Accordingly, because § 8.2-715(2)(a) requires a contract between the parties for recovery of consequential economic loss damages in a claim for breach of the implied warranty of merchantability, we answer the certified question in the affirmative.
Based upon the reasoning of the Virginia Supreme Court, we affirm the grant of summary judgment in favor of Thompson and NIBCO on Beard's claim for breach of implied warranty of merchantability.
IV.
The judgment of the district court is in all respects affirmed.
AFFIRMED.
Notes
Judge Russell heard oral argument in this case but died prior to the time the decision was filed.

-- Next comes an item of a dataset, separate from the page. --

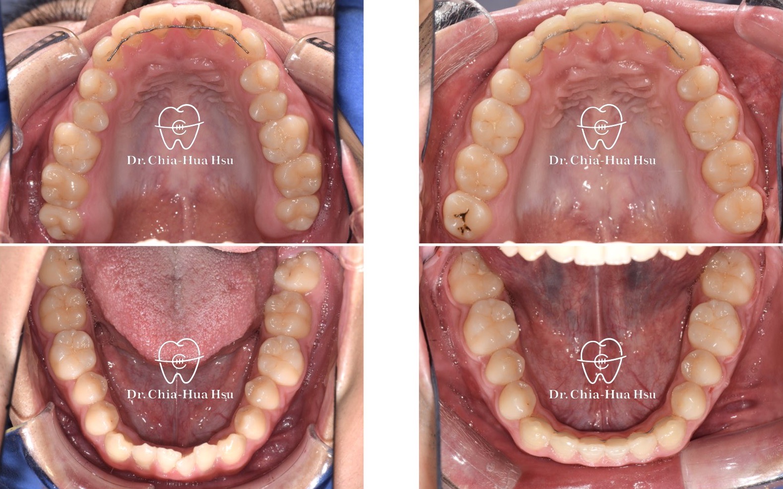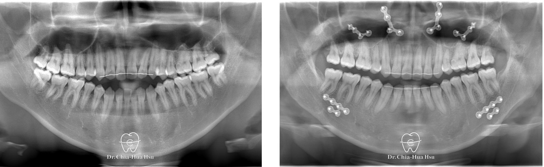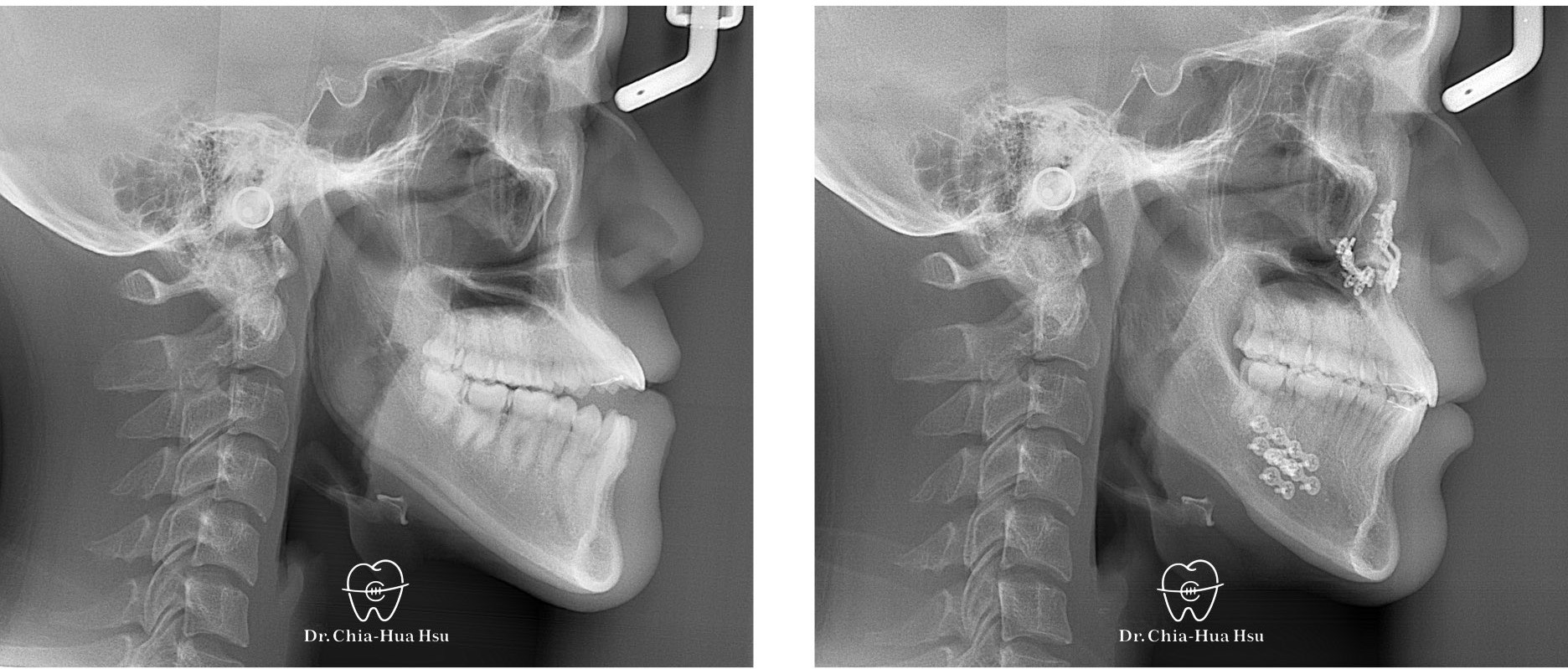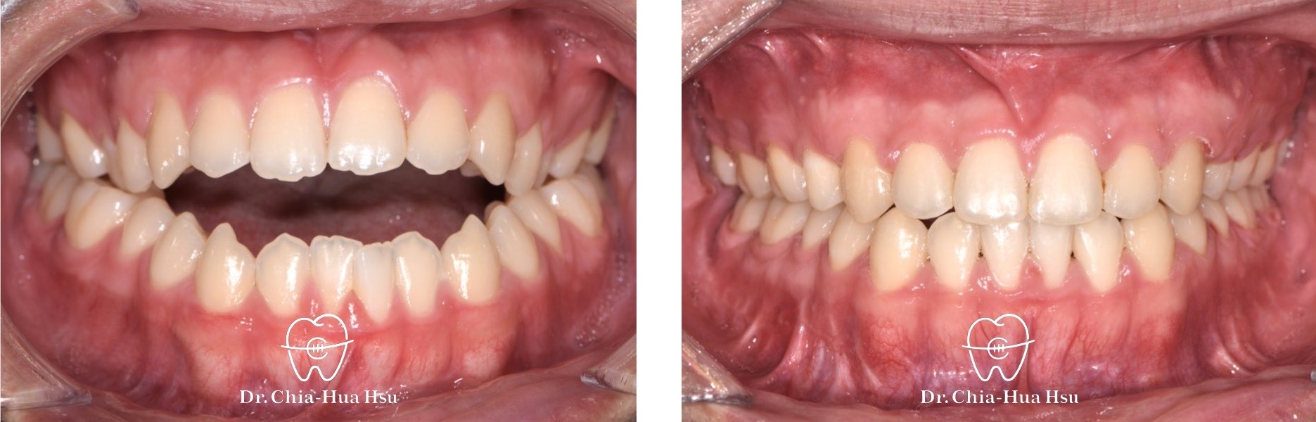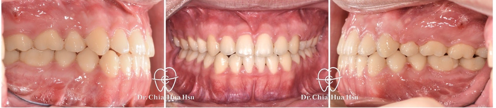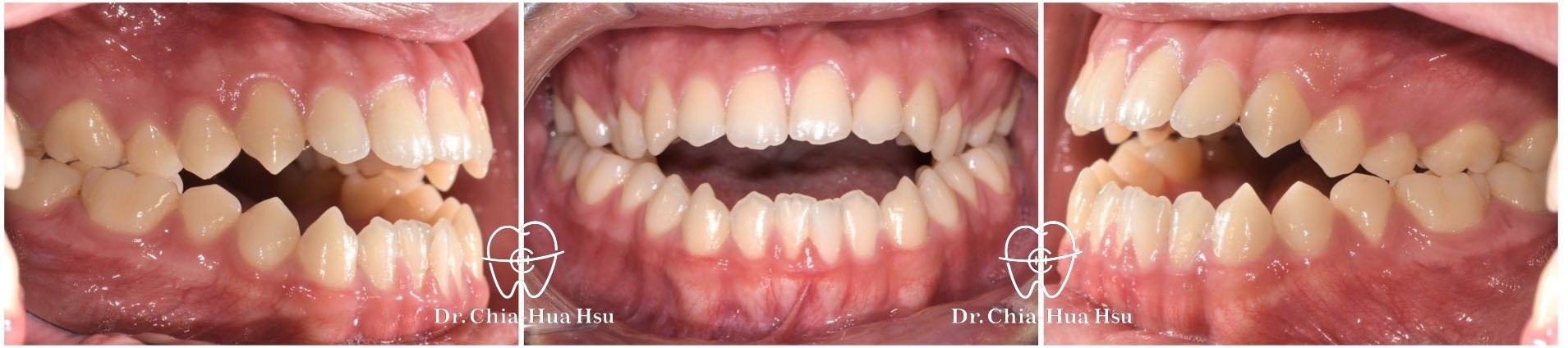- 治療方式:使用傳統金屬矯正器,合併正顎手術(雙顎),上顎拔除兩顆小臼齒以利手術方式進行上顎牙弓擴寬。

The decision is filed by a quorum of the panel pursuant to 28 U.S.C. § 46(d)
Va.Code § 8.2-318 states in pertinent part:
Lack of privity between plaintiff and defendant shall be no defense in any action brought against the manufacturer or seller of goods to recover damages for breach of warranty, express or implied, or for negligence, although the plaintiff did not purchase the goods from the defendant, if the plaintiff was a person whom the manufacturer or seller might reasonably have expected to use, consume, or be affected by the goods....
Va.Code § 8.01-223 provides:
In cases not provided for in § 8.2-318 where recovery of damages for injury to person, including death, or to property resulting from negligence is sought, lack of privity between the parties shall be no defense.
Va.Code § 8.2-714 provides in pertinent part:
(2) The measure of damages for breach of warranty is the difference at the time and place of acceptance between the value of the goods accepted and the value they would have had if they had been as warranted, unless special circumstances show proximate damages of a different amount.
(3) In a proper case any incidental and consequential damages under the next section [§ 8.2-715] may also be recovered.
Va.Code § 8.2-715 provides in pertinent part:
(2) Consequential damages resulting from the seller's breach include
(a) any loss resulting from general or particular requirements and needs of which the seller at the time of contracting had reason to know and which could not reasonably be prevented by cover or otherwise; and
(b) injury to person or property proximately resulting from any breach of warranty.